Elle soupira un instant, puis ne put s'empêcher de regarder Lin Qingchuan avec une expression quelque peu subtile.
Inattendu, Lin Qingchuan, lorsqu'il daigna parler, alla droit au but !
On aurait dit qu'il était taiseux ; elle pensait qu'il craignait plutôt de ne pas maîtriser son venin, d'où son silence habituel :)
Pourtant, elle fut tout de même assez touchée.
Avec tant de gens qui la protégeaient, il était clair que les camarades de Première 1 avaient une excellente nutrition ; elle ne voyait que l'arrière de leurs têtes.
Leur taille moyenne frôlait les 180 centimètres ; elle ne distinguait que les silhouettes vagues de Gu Xiujing et des autres dans les intervalles.
Cheng Yan : « Bien sûr que je parle de vous ! C'est comme un drama télé ; d'abord, il y a une scène de voyou non-conventionnel, violent sans discernement, pour défendre leur « belle-sœur ». »
Cheng Shu, les bras croisés, ajouta : « Puis ça bascule en drama d'idoles, avec une scène cliché, invraisemblable, du genre "Laisse-moi m'expliquer, mais je ne veux rien entendre". »
Ji Chong se joignit gaiement à la cohue : « Enfin, facilement démolis, prêts à appeler leurs parents ! »
Les poings de Gu Xiujing étaient serrés fort, mais la seconde d'après, ils furent enveloppés par une paire de mains douces. Il se figea, relevant la tête.

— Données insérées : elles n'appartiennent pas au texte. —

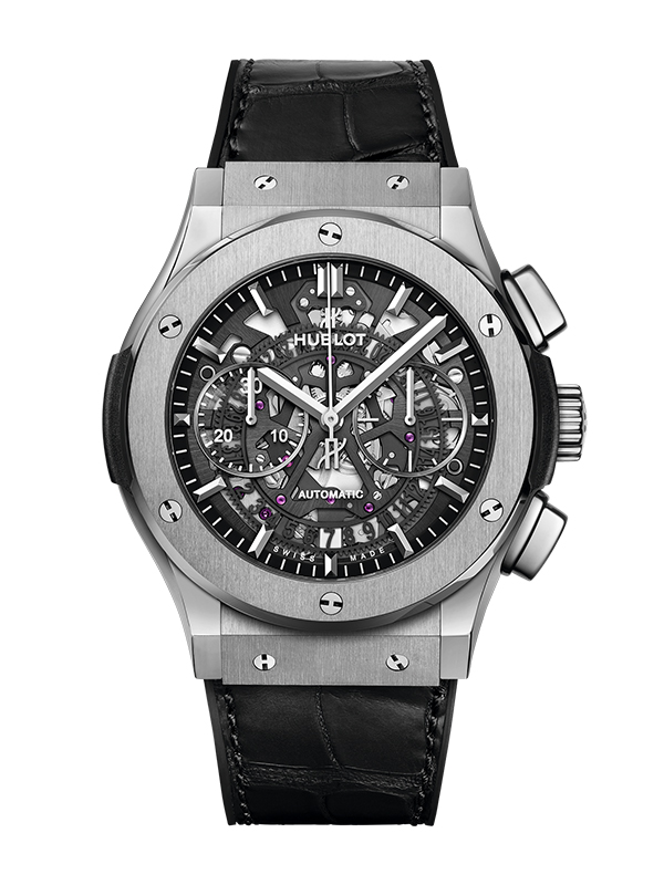 チタニウムケースにブラックアリゲーター×ブラックのラバーストラップがモダンな魅力をグッと引き立てる『アエロ・フュージョン クロノグラフ チタニウム』。
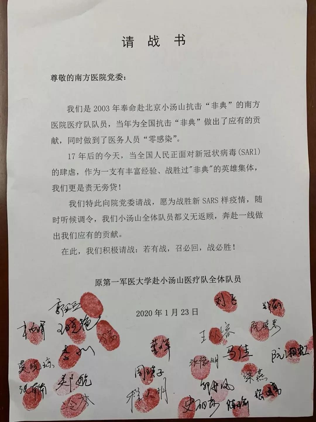 这段时间,“抗非老兵”们的战斗热情再次被点燃。神经外科护士长王晓艳率先在群里起草一份请战书,主动要求赴防治一线工作。她的倡议得到了24名小汤山队员的热情响应,大家纷纷签字,按下鲜红的指印,请战抗击新型肺炎。

Il vit Peng Ning'er, qui ne lui avait jamais témoigné de gentillesse, se tenir devant lui. Bien qu'elle ne le regardât toujours pas, il sentit une étrange chaleur se répandre dans son cœur.
Bien que Peng Ning'er eût été très en colère tout à l'heure, voir Gu Xiujing ciblé par tant de gens lui fit de la peine.
Elle avança donc : « Ce qui vient de se passer est de ma faute, mais je voulais seulement vous saluer ; je n'avais aucune intention. Pourquoi êtes-vous si agressifs ? »
Cheng Yan ne put s'empêcher de lever les yeux au ciel : « Qu'est-ce que tu racontes ?? C'est nous les agressifs ? Pourquoi ne pas réfléchir à qui a commencé le premier avant de parler ? »
Cheng Shu en trouva aussi amusant : « Tu as fini de nous saluer et tu ne pars pas, qu'est-ce que tu fais à nous barrer la route ? On ne t'a pas ignorée, mais on n'est pas si proches ; faut-il qu'on rattrape le temps perdu ? »
Un autre garçon renchérit : « C'est ça, s'il n'y avait pas tant de nous, ils n'oseraient pas, et leurs poings seraient déjà partis ! Mais tu es de leur côté, alors c'est normal que tu les aides. »
Peng Ning'er se sentit un peu gênée : « Je ne prends pas parti… »
Yu Jingmo tapa l'épaule de la personne devant elle : « Laissez-moi passer. »
Le délégué aux sports de la classe, se retournant pour voir Yu Jingmo, hésita : « Tata Yu, peut-être feriez-vous mieux de rester à l'écart. Qui sait s'ils n'auront pas recours à la violence ? »
Voyant le changement d'expression des gens d'en face, Yu Jingmo : « ... »
Ils n'auraient probablement pas eu recours à la violence, mais maintenant c'était incertain.
Elle les réconforta tout de même : « Ce n'est rien, le gérant arrive ; il ne les laissera pas faire. »
Le délégué aux sports se figea, tendant le cou pour regarder derrière lui, et vit en effet un homme en costume, suant à grosses gouttes, haletant sur le seuil, suivi de plusieurs vigiles grands et costauds.
Cependant, en apercevant ce côté-ci, leurs expressions devinrent hésitantes, puis ils s'avancèrent d'une démarche suicidaire.
Il essuya vivement la sueur de son visage avec un mouchoir et sourit à Gu Xiujing : « Jeune Maître Gu, qu'est-ce qui se passe ? Pourquoi n'irions-nous pas dans notre salon de repos pour en parler ? »
C'est une influence désastreuse !
Il imaginait déjà le nombre de rumeurs qui circuleraient après aujourd'hui. Ils ne voulaient pas que le gymnase devienne célèbre de cette façon !
Il pensait qu'il écouterait l'avis de Gu Xiujing et verrait si l'autre partie acceptait de subir un préjudice pour laisser tomber l'affaire.
Tout en réfléchissant, le gérant leva les yeux vers la foule dont il n'avait vu que les dos un instant plus tôt.